И в этом, и в последующих процессах этого рода выдающуюся роль играл по своей придирчивости и совершенно не судейской односторонности сенатор Николай Оттович Тизенгаузен138. Он принадлежал к тем правоведам, которые, будучи возмущены самодурными выходками графа Панина, уходили в другие ведомства и, преимущественно в начале нового царствования, в либеральное морское министерство. Там пробыл он до самой судебной реформы и был, как говорили, сотрудником «Колокола» («Колокол» – нелегальный журнал, издававшийся Герценом и Огаревым за границей с 1857 по 1868 год.) в его лучшие годы. Как бы то ни было, в правоведческом кружке он слыл за «красного». Но этот «красный» ввиду красного сенаторского мундира радикально переменил окраску. В 1877 году по рукам в Петербурге ходили «подписи к портретам современников» Боровиковского. К портрету Тизенгаузена относились следующие, к сожалению, справедливые строки:
Он был горячим либералом…
Когда бы, назад пятнадцать лет,
Он чудом мог полюбоваться
На свой теперешний портрет?!
Он даже в спор с ним не вступил бы,
Сказал бы крепкое словцо
И с величайшим бы презреньем
Он плюнул сам себе в лицо.
Обвинителями в этих двух процессах выступали Поскочин и Жуков.
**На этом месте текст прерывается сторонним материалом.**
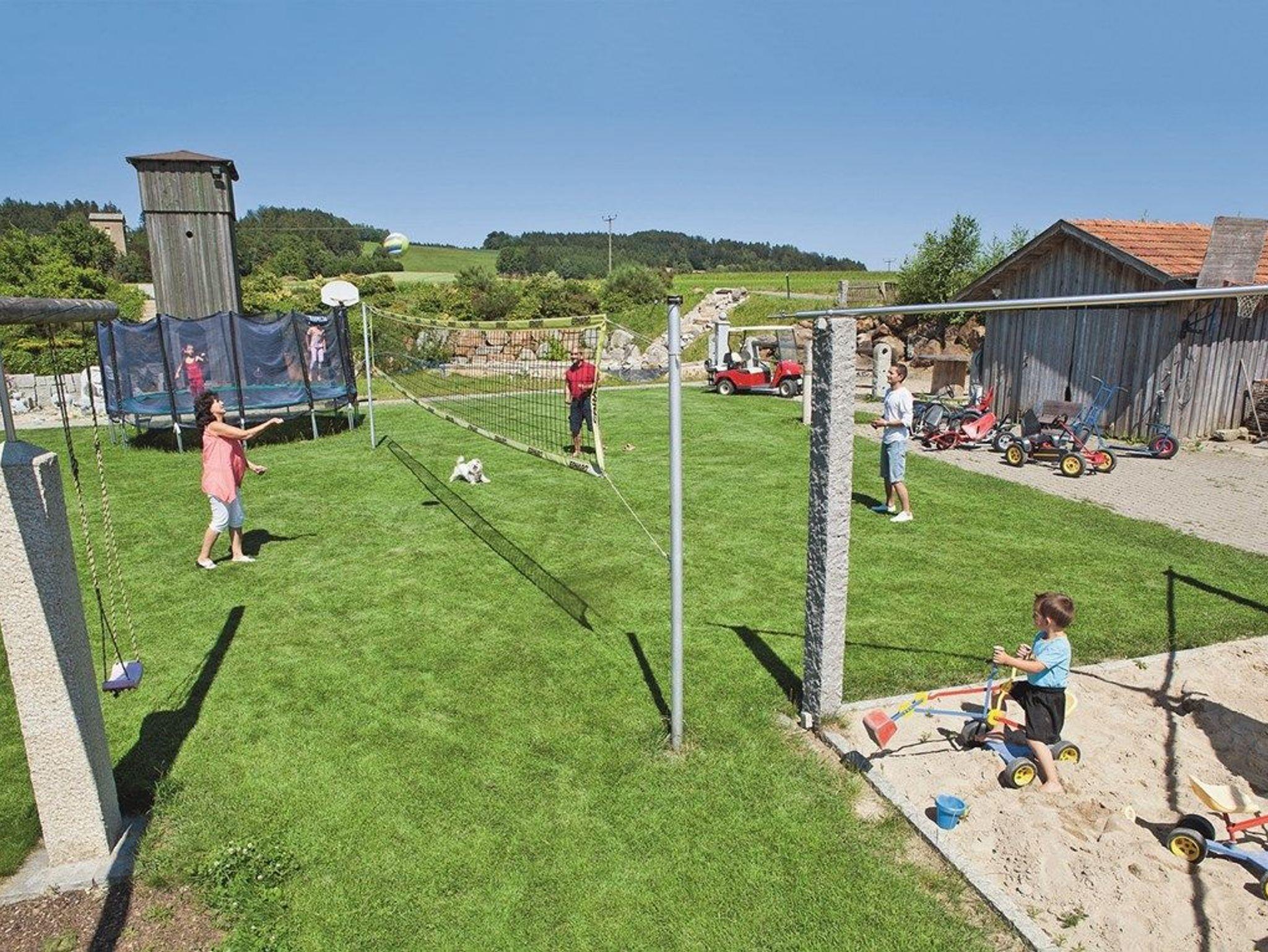 Unsere Familie mit 3 Kindern freut sich, Sie begrüßen zu dürfen. Die gemütlich eingerichteten Ferienwohnungen (2-8 Pers) haben Südlage, verfügen über Terrasse bzw. Balkon und befinden sich im EG und OG unseres Nebengebäudes inmitten von Wiesen und Feldern. Abseits der verkehrsreichen Straßen, in der Nähe von Waldmünchen gelegen, ist unser Haus bestens für Familien und Kinden geeignet. Aktivitäten in unserem Haus mit großem Aufenthaltsraum: - Tischtennis - Kicker - Kinderfahrzeuge - Riesentrampolin - Gemeinschaftsspiele - Galerie-Matratzenlager Aktivitäten auf unserem Gelände und Umland: - Volleyball - Fussball - Basketball - Kletter und Spielturm - Wasserspiele - Grillplatz - Lagerfeuerstelle - Brotbacken - geführte Naturwanderungen - Nordic-Walking - Bauernhofbesuch

В сущности, они вели себя порядочно, особливо в сравнении с тем, что пришлось впоследствии слышать с прокурорской трибуны. Поскочина, впрочем, обвиняли в каких-то инквизиторских приемах при дознании и даже сочинили по этому поводу целую скабрезную историю, мало правдоподобную и имевшую характер злобной клеветы. Относительно же Жукова случилось следующее довольно комическое совпадение. Он был запутан в долгах по горло. Для того чтобы спасти его имение от окончательной гибели, над ним была учреждена по высочайшему повелению опека, и указ о ней был напечатан в «Правительственном вестнике» в день начатия процесса «50-ти», так что некоторые из защитников, шутя, готовились протестовать против требований прокурора, если ввиду суда не будет на них согласия его опекунов. Во всяком случае было странно видеть обвинителем увлекающейся к увлеченной молодежи зрелого человека, не имеющего вследствие своего легкомыслия даже правоспособности к управлению собственными имущественными делами.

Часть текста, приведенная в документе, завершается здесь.